From Chewing Gum to I May Destroy You, the writer and actor has carved out a groove as a true original. Who better to convince us all to shop secondhand?

Michaela Coel could be wearing anything she wanted, right now. As the star and creator of I May Destroy You, the BBC drama that became a water cooler hit even in a summer without water coolers, Coel is the hottest property in town. Any fashion designer would jump at the chance to dress her. But today she is enthusing over a time-pummelled black sweatshirt with faded insignia, sourced not from a Bond Street boutique but from Oxfam’s cavernous warehouse in Batley, North Yorkshire. “I’m here for it,” she murmurs approvingly, pulling it over her head.

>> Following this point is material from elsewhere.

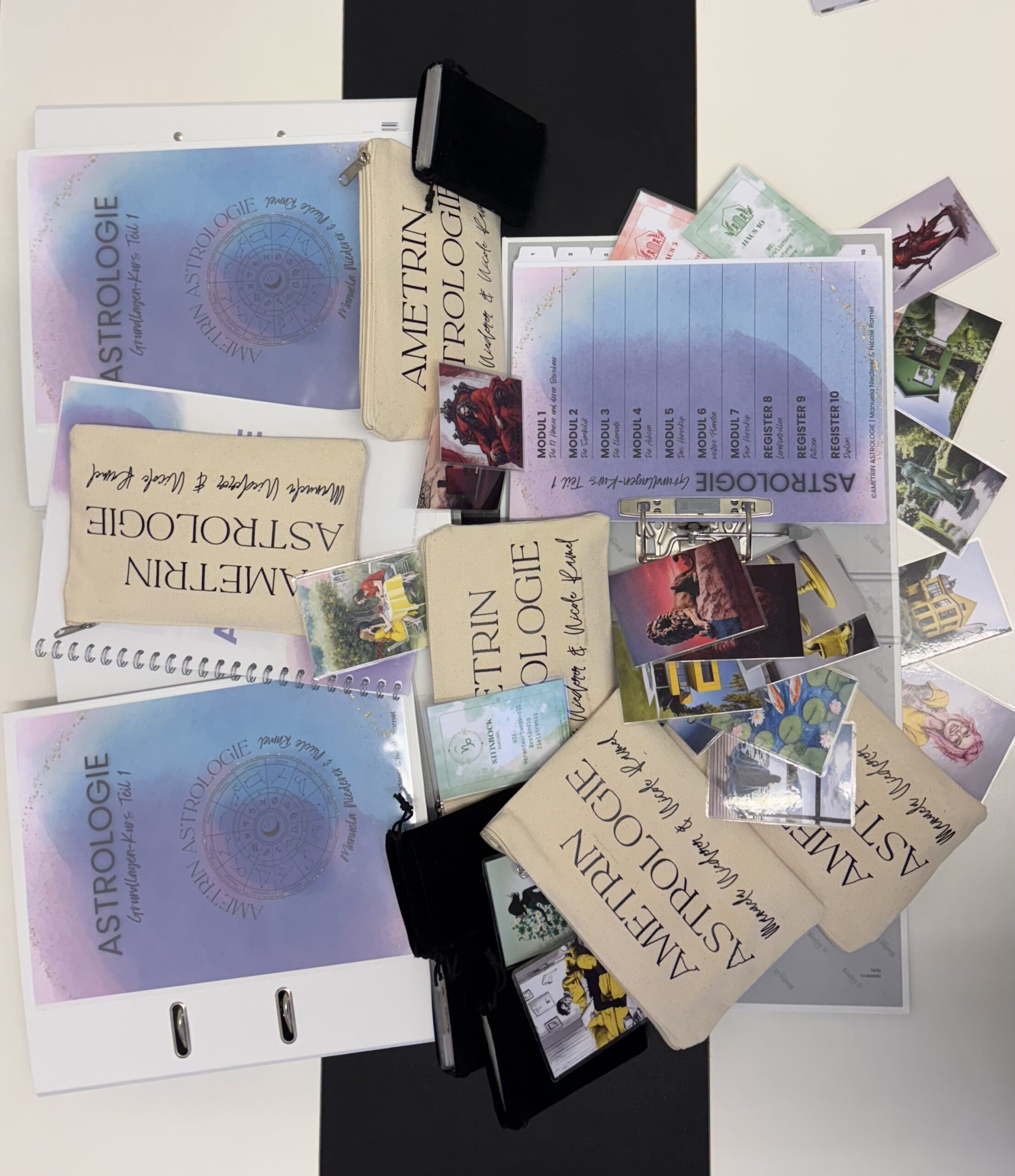 Während dem Kurs bekommst du deinen eigenen Ordner mit allen Unterlagen, ein persönliches Kartenset zum üben, 7 Module voller Wissen und eine Schritt für Schritt Anleitung für dein Horoskop, Zusätzlich 10 live Work-Shops in Oberentfelden inklusiv Snacks und Getränke.
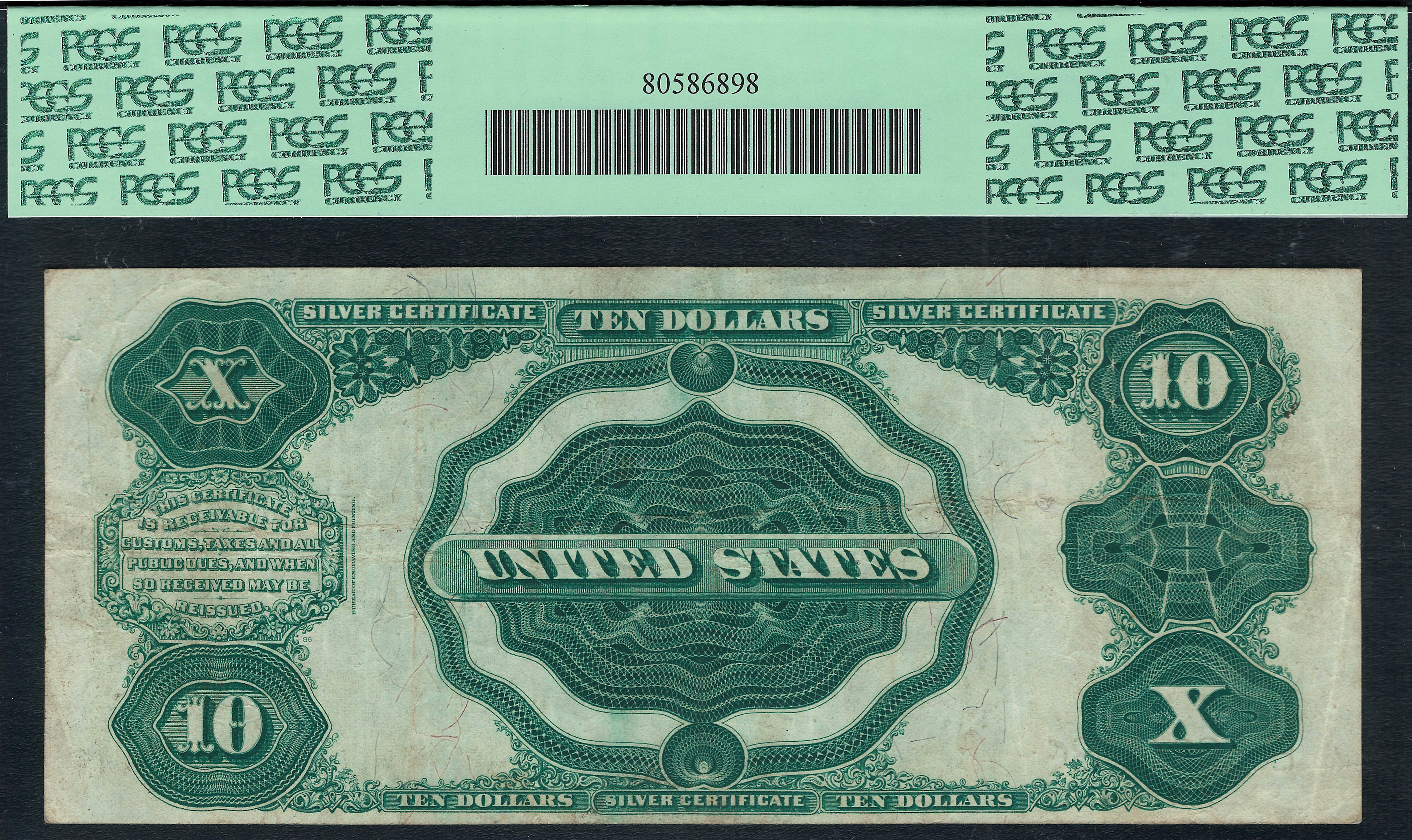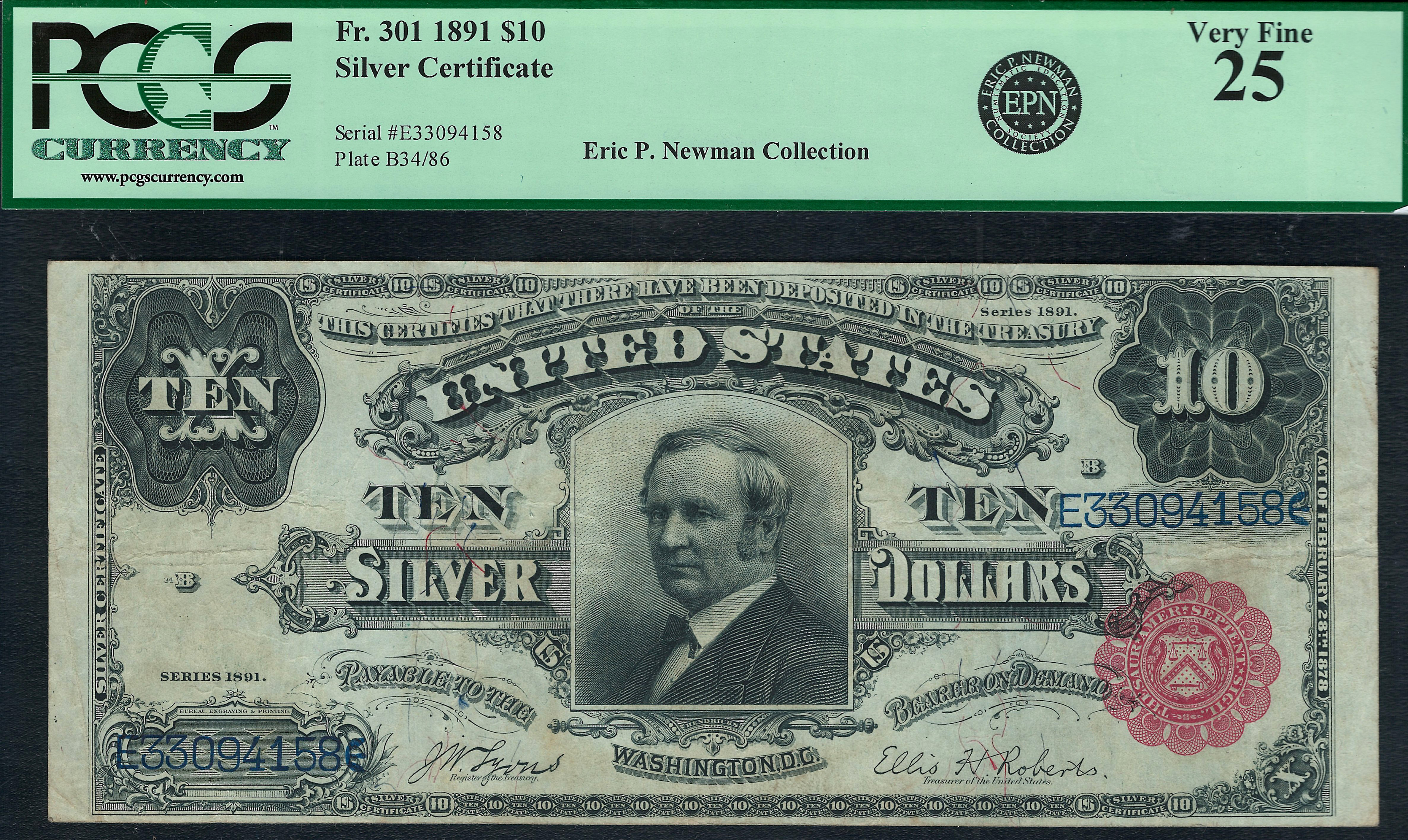 This is a Fr.-301 1891 $10 Silver Certificate commonly referred to as the TOMBSTONE note. The serial number is E33094158and it resides in a PCGS VF-25 holder. I normally do not put a non PPQ/EPQ not on my website, but this was an exception. I look the note over very closely and found no issues with it all, and most importantly it was such a great deal I could NOT pass it up. To be able to offer to you a nice Very Fine problem free 1891 $10 Tombstone at less than $1400 was just incredible. For those who do not know, the 1891 $10 L.T. Tombstone got its name because Thomas Hendricks, who was Vice President of the United states from March 4th, 1885 to November 25th, 1885...died in office. Not sure if his portrait was deliberately put inside a tombstone design, or was it purely coincidental? However you will have to admit, it fits!

She’s here for all of it. She’s here for the pale pink Burberry trenchcoat, another Batley treasure unearthed for our shoot by Oxfam’s senior fashion adviser, Bay Garnett, a nod to Coel’s neon bubblegum bob as Arabella in IMDY. She’s here for the dynamite 80s jeans and matching jacket in toffee-apple faux-leather, a rare Gaultier Jeans find. She’s here for the Fanta-coloured boilersuit (think Ripley in Alien meets Bananarama on Top Of The Pops), for the elegant 70s Jaeger mustard blazer with anchor-stamped gold buttons, and for a knockout pair of Versace high-waisted shorts, illustrated with classic Rita Hayworth film posters.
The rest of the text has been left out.